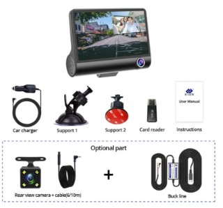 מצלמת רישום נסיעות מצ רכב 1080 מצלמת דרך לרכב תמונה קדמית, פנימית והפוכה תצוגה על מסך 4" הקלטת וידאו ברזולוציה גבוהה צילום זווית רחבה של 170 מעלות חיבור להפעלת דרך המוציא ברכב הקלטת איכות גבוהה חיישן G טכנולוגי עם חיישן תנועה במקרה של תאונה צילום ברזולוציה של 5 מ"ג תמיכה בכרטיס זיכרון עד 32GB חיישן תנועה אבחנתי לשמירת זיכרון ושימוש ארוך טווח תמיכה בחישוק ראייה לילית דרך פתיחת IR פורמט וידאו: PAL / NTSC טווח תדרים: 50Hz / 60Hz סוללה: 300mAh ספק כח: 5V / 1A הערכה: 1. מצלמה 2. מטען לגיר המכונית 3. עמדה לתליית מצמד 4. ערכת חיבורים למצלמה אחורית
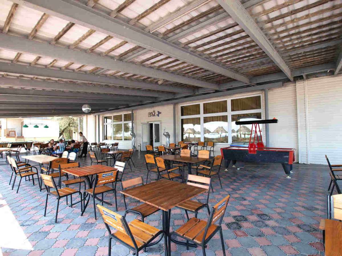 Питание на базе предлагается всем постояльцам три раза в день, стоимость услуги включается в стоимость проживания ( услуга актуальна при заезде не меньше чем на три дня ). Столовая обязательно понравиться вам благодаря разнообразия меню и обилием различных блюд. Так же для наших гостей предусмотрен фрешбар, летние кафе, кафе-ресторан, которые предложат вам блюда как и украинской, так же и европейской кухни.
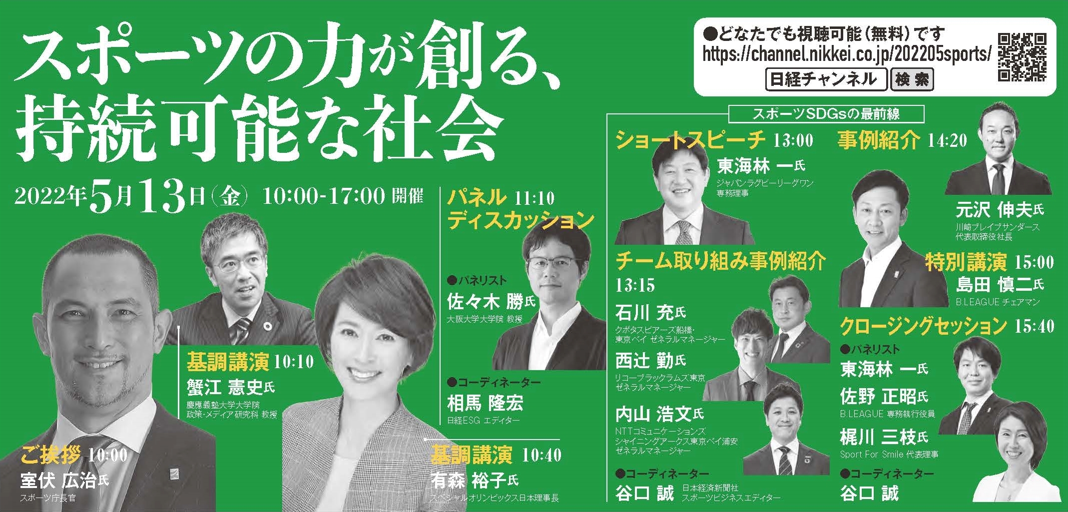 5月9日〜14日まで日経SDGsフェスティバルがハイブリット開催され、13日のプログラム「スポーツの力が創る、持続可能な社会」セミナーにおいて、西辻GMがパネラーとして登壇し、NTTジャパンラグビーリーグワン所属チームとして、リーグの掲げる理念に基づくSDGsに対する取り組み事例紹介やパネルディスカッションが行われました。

════

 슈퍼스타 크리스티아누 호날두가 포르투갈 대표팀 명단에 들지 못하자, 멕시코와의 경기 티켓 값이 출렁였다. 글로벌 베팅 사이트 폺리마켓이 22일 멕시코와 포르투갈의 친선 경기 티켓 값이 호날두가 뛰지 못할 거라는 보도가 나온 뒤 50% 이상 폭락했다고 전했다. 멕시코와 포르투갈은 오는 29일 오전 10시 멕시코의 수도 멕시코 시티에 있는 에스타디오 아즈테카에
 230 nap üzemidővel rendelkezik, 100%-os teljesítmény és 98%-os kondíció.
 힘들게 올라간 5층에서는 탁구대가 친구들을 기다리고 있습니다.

════

:: TASK BRIEF ::
Above is a listing; print exactly its lines from the one with "슈퍼스타 크리스티아누 호날두가" through the one with "힘들게 올라간 5층에서는 탁구대가 친구들을 기다리고 있습니다.", and no other lines.

:: SOLUTION FOR THIS PROBLEM ::
 슈퍼스타 크리스티아누 호날두가 포르투갈 대표팀 명단에 들지 못하자, 멕시코와의 경기 티켓 값이 출렁였다. 글로벌 베팅 사이트 폺리마켓이 22일 멕시코와 포르투갈의 친선 경기 티켓 값이 호날두가 뛰지 못할 거라는 보도가 나온 뒤 50% 이상 폭락했다고 전했다. 멕시코와 포르투갈은 오는 29일 오전 10시 멕시코의 수도 멕시코 시티에 있는 에스타디오 아즈테카에
 230 nap üzemidővel rendelkezik, 100%-os teljesítmény és 98%-os kondíció.
 힘들게 올라간 5층에서는 탁구대가 친구들을 기다리고 있습니다.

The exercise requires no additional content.